_Task directions_.
Restate every record exactly as it is written, while omitting the pictures it holds.

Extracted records
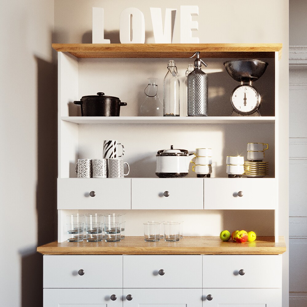 Mobelando Buffet Schrank Buffetschrank Sideboard Kommode Vitrinenschrank Weiss Landsted I Amazon De Kuche Haushalt Wohnen
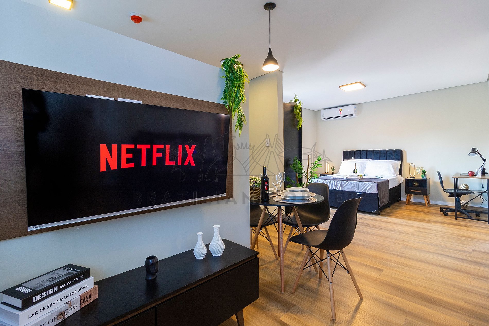O estúdio é ideal para uma temporada na cidade, seja a lazer ou a trabalho. Conta com ar-condicionado, varanda charmosa, cama confortável, internet de alta velocidade, Smart TV, blackout para garantir boas noites de sono, além de uma cozinha completa com eletrodomésticos e utensílios para quem gosta de cozinhar.
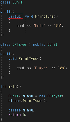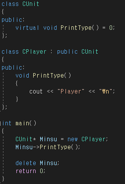 함수 앞에 virtual 키워드를 통해 사용할 수 있다.
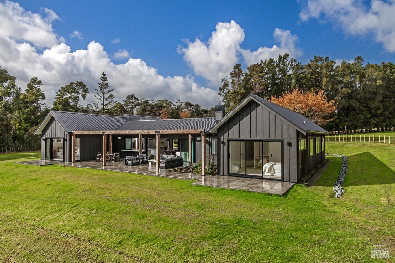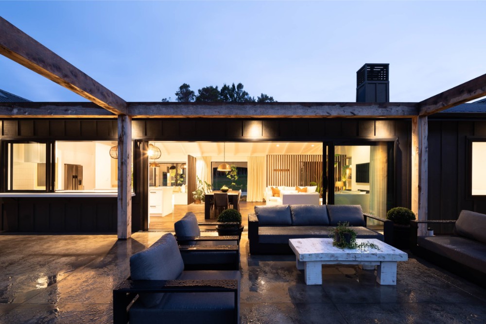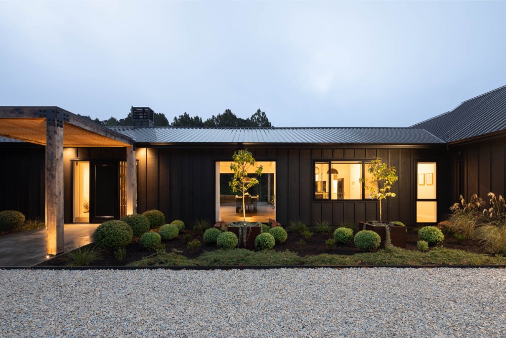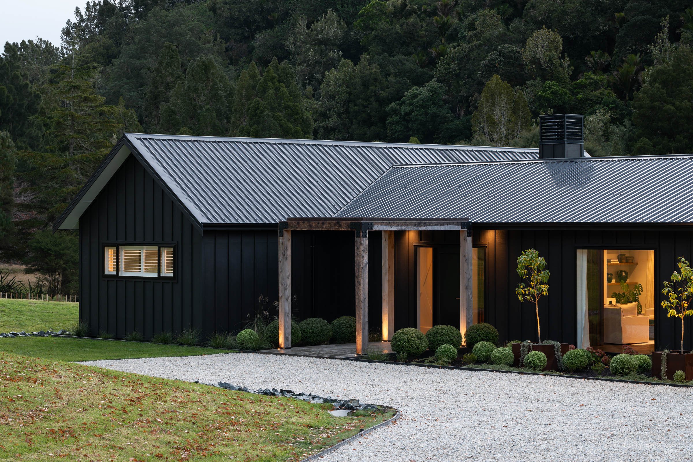 Set amidst lush, green surroundings in Coatesville, the home perfectly showcases the seamless balance of bold aesthetics and warm, inviting spaces. With striking black board-and-batten cladding, pitched gable roofs, and modern detailing, the design delivers a contemporary yet timeless appeal. The welcoming entry pergola sets the tone for what lies inside: open-plan living spaces, natural timber elements, and refined finishes.
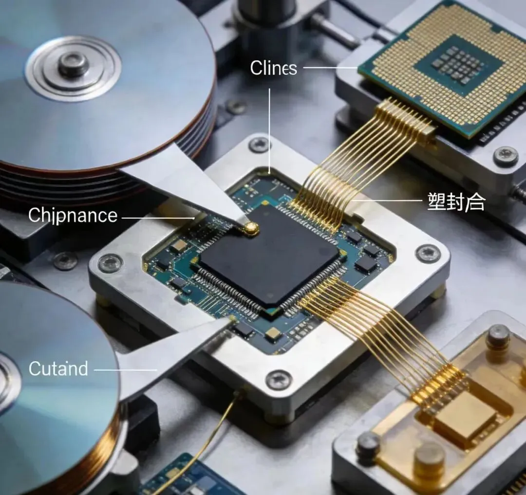 (2)引线键合:利用超细金属丝(如金丝、铝丝)将芯片上的焊盘与引线框架相连,实现电气连接。

_Result of this task_.
 Mobelando Buffet Schrank Buffetschrank Sideboard Kommode Vitrinenschrank Weiss Landsted I Amazon De Kuche Haushalt Wohnen
O estúdio é ideal para uma temporada na cidade, seja a lazer ou a trabalho. Conta com ar-condicionado, varanda charmosa, cama confortável, internet de alta velocidade, Smart TV, blackout para garantir boas noites de sono, além de uma cozinha completa com eletrodomésticos e utensílios para quem gosta de cozinhar.
 함수 앞에 virtual 키워드를 통해 사용할 수 있다.
 Set amidst lush, green surroundings in Coatesville, the home perfectly showcases the seamless balance of bold aesthetics and warm, inviting spaces. With striking black board-and-batten cladding, pitched gable roofs, and modern detailing, the design delivers a contemporary yet timeless appeal. The welcoming entry pergola sets the tone for what lies inside: open-plan living spaces, natural timber elements, and refined finishes.
 (2)引线键合:利用超细金属丝(如金丝、铝丝)将芯片上的焊盘与引线框架相连,实现电气连接。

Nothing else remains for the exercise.